*** Begin section ***

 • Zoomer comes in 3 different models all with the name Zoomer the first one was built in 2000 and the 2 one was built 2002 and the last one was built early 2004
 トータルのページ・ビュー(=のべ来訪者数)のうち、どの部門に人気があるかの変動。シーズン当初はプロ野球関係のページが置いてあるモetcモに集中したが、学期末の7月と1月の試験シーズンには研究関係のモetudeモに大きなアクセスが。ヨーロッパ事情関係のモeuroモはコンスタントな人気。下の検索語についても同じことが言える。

*** End section ***
*** Begin section ***

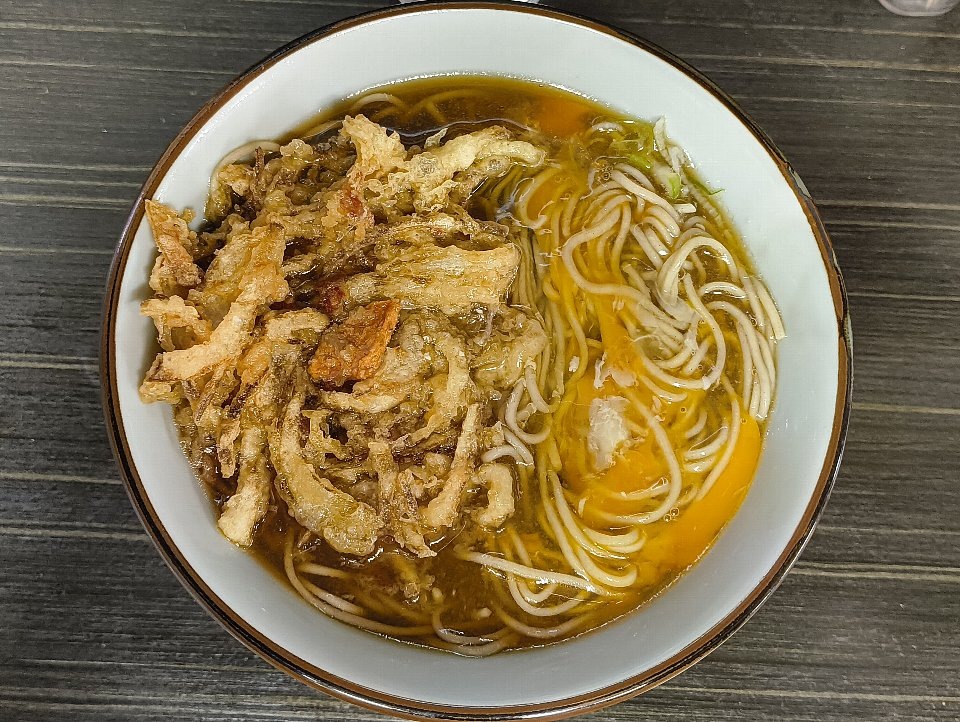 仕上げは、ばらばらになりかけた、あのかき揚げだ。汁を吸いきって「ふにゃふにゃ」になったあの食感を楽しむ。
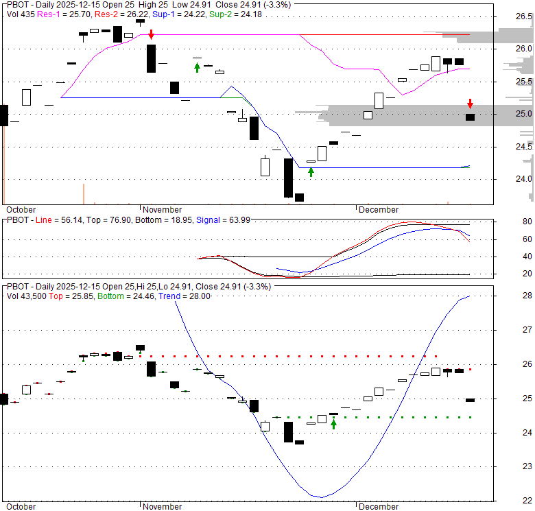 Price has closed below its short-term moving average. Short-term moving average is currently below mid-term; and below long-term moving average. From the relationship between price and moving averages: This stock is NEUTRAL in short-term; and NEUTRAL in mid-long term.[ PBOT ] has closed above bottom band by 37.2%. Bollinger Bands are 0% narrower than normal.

*** End section ***

■ **To do**
Each line above starting at the one holding "仕上げは、ばらばらになりかけ" and ending at the one holding "Price has closed" should be set down exactly as it stands, both ends included, with no pictures.

■ **Your response**
 仕上げは、ばらばらになりかけた、あのかき揚げだ。汁を吸いきって「ふにゃふにゃ」になったあの食感を楽しむ。
 Price has closed below its short-term moving average. Short-term moving average is currently below mid-term; and below long-term moving average. From the relationship between price and moving averages: This stock is NEUTRAL in short-term; and NEUTRAL in mid-long term.[ PBOT ] has closed above bottom band by 37.2%. Bollinger Bands are 0% narrower than normal.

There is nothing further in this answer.